* [Supplied data]
[Start of Attachment]
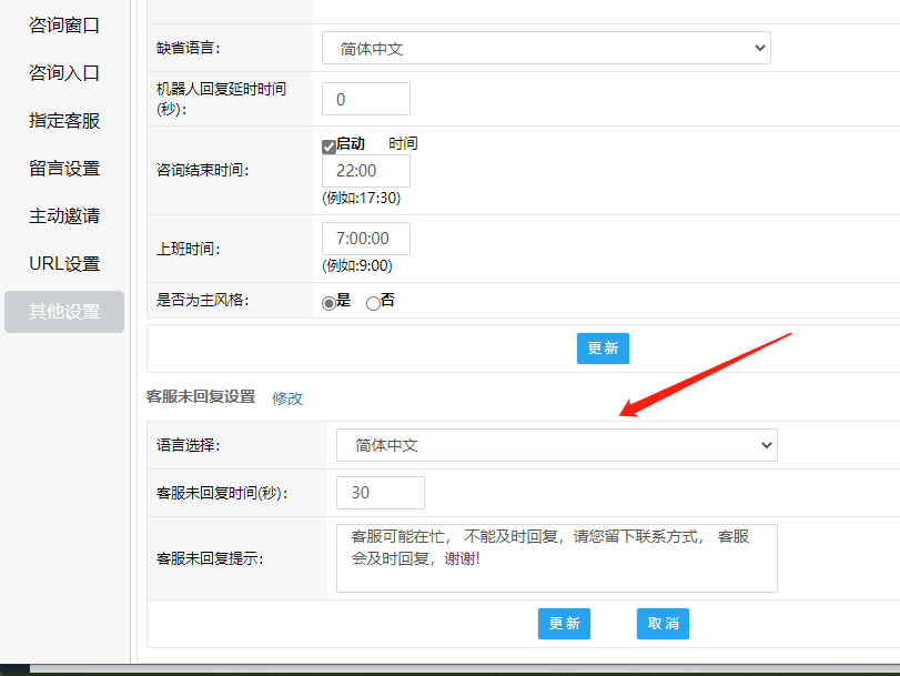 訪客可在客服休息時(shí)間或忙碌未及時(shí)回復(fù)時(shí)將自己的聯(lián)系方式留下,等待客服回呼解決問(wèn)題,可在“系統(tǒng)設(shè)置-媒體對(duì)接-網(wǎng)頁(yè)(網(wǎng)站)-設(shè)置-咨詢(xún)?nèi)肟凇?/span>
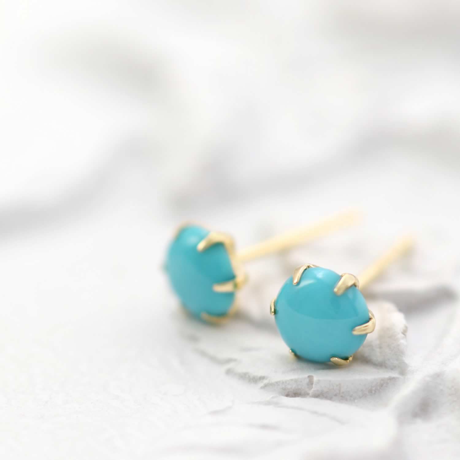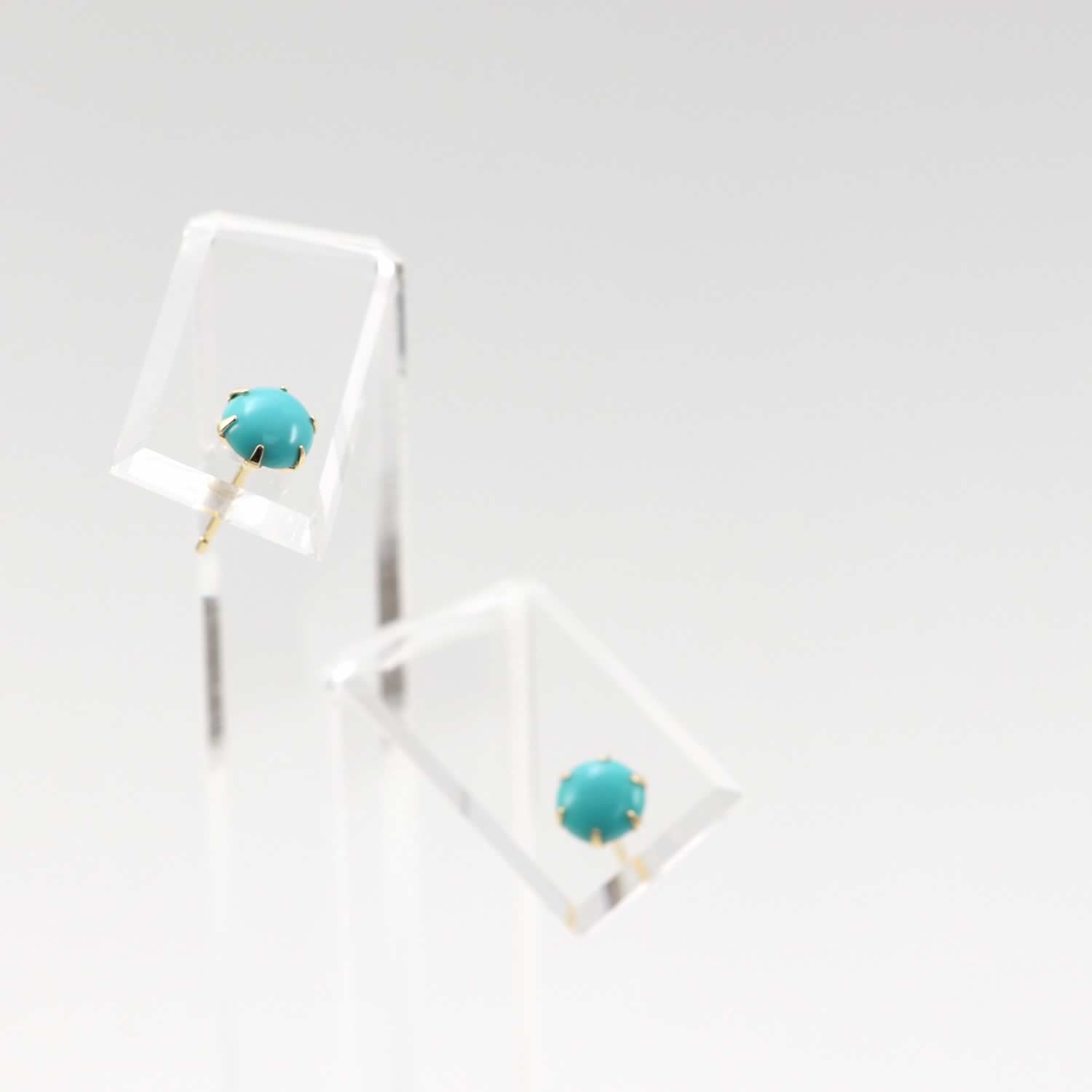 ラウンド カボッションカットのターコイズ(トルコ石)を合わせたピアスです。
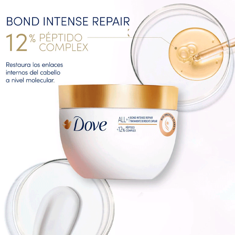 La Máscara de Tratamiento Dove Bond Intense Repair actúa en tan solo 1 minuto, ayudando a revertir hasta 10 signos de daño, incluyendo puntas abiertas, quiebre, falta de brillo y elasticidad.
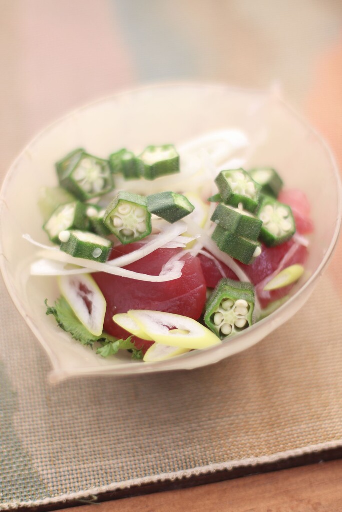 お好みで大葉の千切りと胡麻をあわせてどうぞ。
[End of Attachment]
[Start of Attachment]
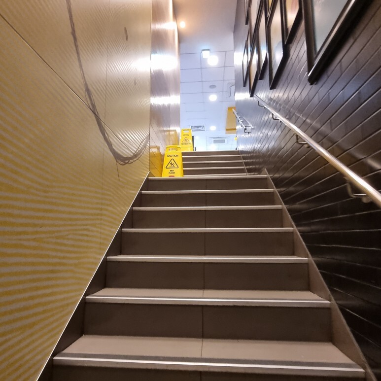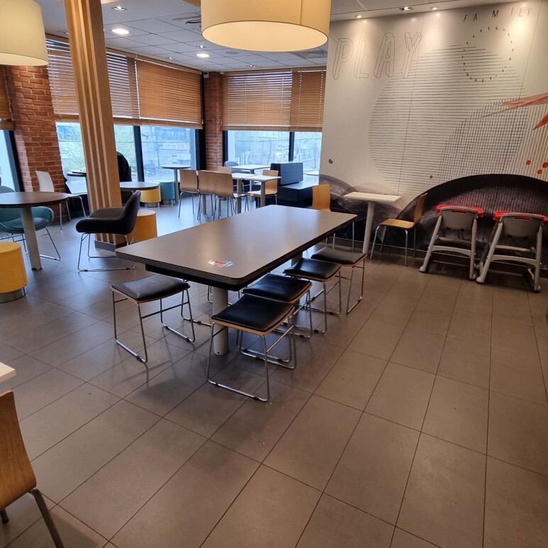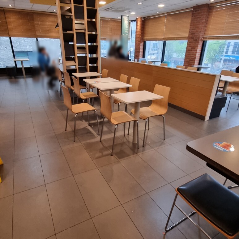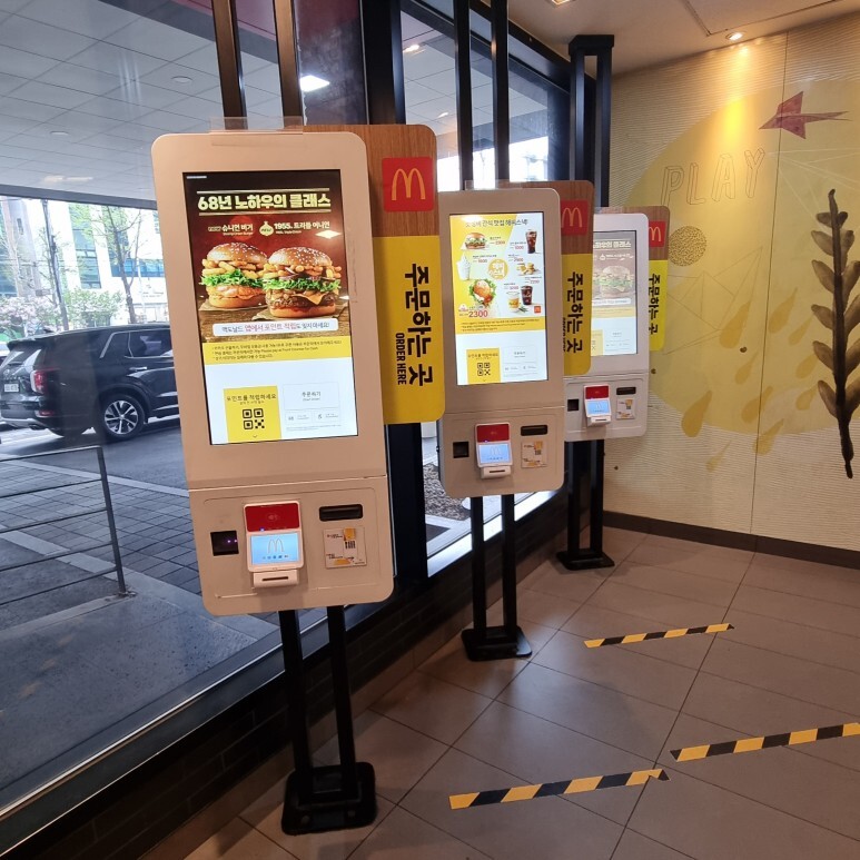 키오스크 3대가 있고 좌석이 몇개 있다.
[End of Attachment]
Nothing but the lines from the one with "訪客可在客服休息時(shí)" up to and including the one with "お好みで大葉の千切りと胡麻をあわせてどうぞ。" should be printed, exactly as they read above. Please keep the pictures out.

 訪客可在客服休息時(shí)間或忙碌未及時(shí)回復(fù)時(shí)將自己的聯(lián)系方式留下,等待客服回呼解決問(wèn)題,可在“系統(tǒng)設(shè)置-媒體對(duì)接-網(wǎng)頁(yè)(網(wǎng)站)-設(shè)置-咨詢(xún)?nèi)肟凇?/span>
 ラウンド カボッションカットのターコイズ(トルコ石)を合わせたピアスです。
 La Máscara de Tratamiento Dove Bond Intense Repair actúa en tan solo 1 minuto, ayudando a revertir hasta 10 signos de daño, incluyendo puntas abiertas, quiebre, falta de brillo y elasticidad.
 お好みで大葉の千切りと胡麻をあわせてどうぞ。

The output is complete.